* _Task instructions_: Copy each line of the following material exactly.

-- Exercise materials follows --

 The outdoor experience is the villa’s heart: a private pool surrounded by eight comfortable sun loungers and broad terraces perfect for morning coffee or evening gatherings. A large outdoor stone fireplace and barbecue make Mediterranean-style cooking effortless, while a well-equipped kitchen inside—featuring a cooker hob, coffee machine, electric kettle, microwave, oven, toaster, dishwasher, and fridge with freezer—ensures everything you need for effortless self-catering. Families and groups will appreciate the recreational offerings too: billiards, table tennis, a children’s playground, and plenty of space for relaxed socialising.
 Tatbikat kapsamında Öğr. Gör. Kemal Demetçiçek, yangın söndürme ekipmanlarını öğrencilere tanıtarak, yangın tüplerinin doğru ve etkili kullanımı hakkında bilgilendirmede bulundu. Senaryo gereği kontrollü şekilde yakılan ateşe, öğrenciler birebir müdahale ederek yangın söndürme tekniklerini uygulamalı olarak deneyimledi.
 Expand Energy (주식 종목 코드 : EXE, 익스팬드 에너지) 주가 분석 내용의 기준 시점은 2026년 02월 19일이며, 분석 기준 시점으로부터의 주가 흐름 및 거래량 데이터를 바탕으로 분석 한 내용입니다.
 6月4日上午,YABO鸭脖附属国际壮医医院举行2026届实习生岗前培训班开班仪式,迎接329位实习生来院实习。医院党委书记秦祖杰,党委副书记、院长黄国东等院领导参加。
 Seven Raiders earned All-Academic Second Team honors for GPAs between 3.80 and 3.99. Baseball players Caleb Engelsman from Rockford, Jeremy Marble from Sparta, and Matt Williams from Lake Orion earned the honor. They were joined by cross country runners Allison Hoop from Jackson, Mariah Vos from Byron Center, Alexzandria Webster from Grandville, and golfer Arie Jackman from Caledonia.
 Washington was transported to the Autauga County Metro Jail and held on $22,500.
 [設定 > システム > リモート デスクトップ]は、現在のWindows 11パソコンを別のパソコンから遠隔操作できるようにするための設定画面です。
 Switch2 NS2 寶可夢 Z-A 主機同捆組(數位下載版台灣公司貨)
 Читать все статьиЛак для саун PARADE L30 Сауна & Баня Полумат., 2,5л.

-- Exercise materials concluded --

* _Exercise solution_:
 The outdoor experience is the villa’s heart: a private pool surrounded by eight comfortable sun loungers and broad terraces perfect for morning coffee or evening gatherings. A large outdoor stone fireplace and barbecue make Mediterranean-style cooking effortless, while a well-equipped kitchen inside—featuring a cooker hob, coffee machine, electric kettle, microwave, oven, toaster, dishwasher, and fridge with freezer—ensures everything you need for effortless self-catering. Families and groups will appreciate the recreational offerings too: billiards, table tennis, a children’s playground, and plenty of space for relaxed socialising.
 Tatbikat kapsamında Öğr. Gör. Kemal Demetçiçek, yangın söndürme ekipmanlarını öğrencilere tanıtarak, yangın tüplerinin doğru ve etkili kullanımı hakkında bilgilendirmede bulundu. Senaryo gereği kontrollü şekilde yakılan ateşe, öğrenciler birebir müdahale ederek yangın söndürme tekniklerini uygulamalı olarak deneyimledi.
 Expand Energy (주식 종목 코드 : EXE, 익스팬드 에너지) 주가 분석 내용의 기준 시점은 2026년 02월 19일이며, 분석 기준 시점으로부터의 주가 흐름 및 거래량 데이터를 바탕으로 분석 한 내용입니다.
 6月4日上午,YABO鸭脖附属国际壮医医院举行2026届实习生岗前培训班开班仪式,迎接329位实习生来院实习。医院党委书记秦祖杰,党委副书记、院长黄国东等院领导参加。
 Seven Raiders earned All-Academic Second Team honors for GPAs between 3.80 and 3.99. Baseball players Caleb Engelsman from Rockford, Jeremy Marble from Sparta, and Matt Williams from Lake Orion earned the honor. They were joined by cross country runners Allison Hoop from Jackson, Mariah Vos from Byron Center, Alexzandria Webster from Grandville, and golfer Arie Jackman from Caledonia.
 Washington was transported to the Autauga County Metro Jail and held on $22,500.
 [設定 > システム > リモート デスクトップ]は、現在のWindows 11パソコンを別のパソコンから遠隔操作できるようにするための設定画面です。
 Switch2 NS2 寶可夢 Z-A 主機同捆組(數位下載版台灣公司貨)
 Читать все статьиЛак для саун PARADE L30 Сауна & Баня Полумат., 2,5л.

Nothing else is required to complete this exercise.